After this, they retrieved the data using DNA sequencing technology and then a software to translate the code back into binary form so that it becomes readable again. The files were recovered with no errors.

“To retrieve the information, we sequenced the molecules. This is the basic process,” Erlich said.

Erlich explained how DNA is a better option than the current ones we already have. “DNA has several advantages to store information,” he said. “The first thing is that it’s very compact. In effect, it’s about one million times more compact than what you can get when you use a regular digital media.”

The storage capacity is massive; it can reach a density of 215 Petabytes per gram of DNA and can last a very long period of time, which can be over a 100 years.

“We believe this is the highest-density data storage device ever created,” said Erlich.

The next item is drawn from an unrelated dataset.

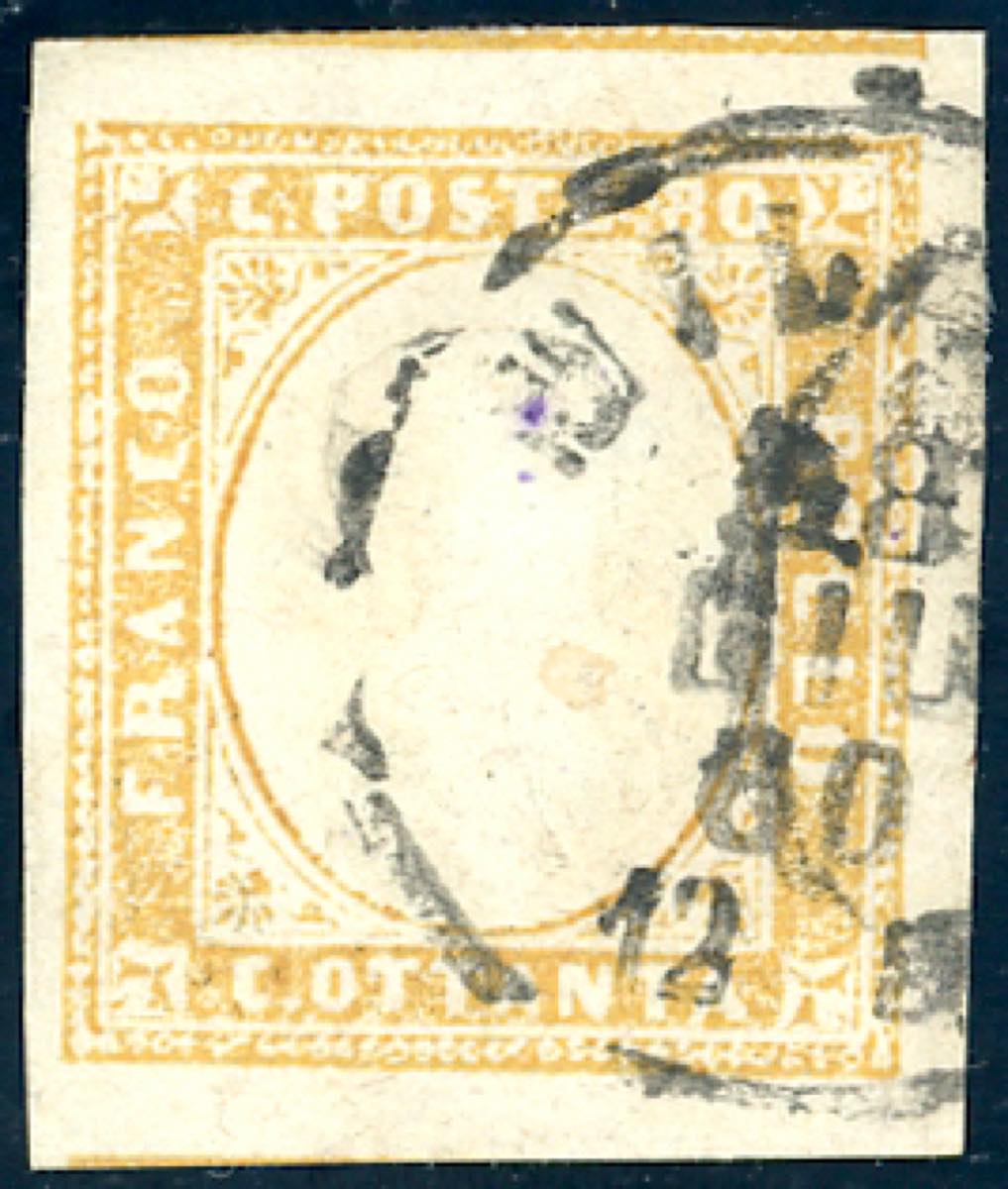 1860 - 80 cent. giallo arancio chiaro (17B), perfetto, margini eccezionali, usato a Milano 28/6/1860. Cert. Colla.

The main barrier at the moment of bringing this into commercialisation is time and money, as it takes about two weeks to synthesize the DNA sequence, while it costs $7,000 to sequence 2MB of data into DNA, and then another $2,000 to read it.

Despite this, the research team is very optimistic. When questioned how long it would take for this technology to be made available to everyone, Erlich replied that, “I would guess more than a decade. We are still in early days, but it also took magnetic media years of research and development before it became useful.”

The research has been published in the journal Science.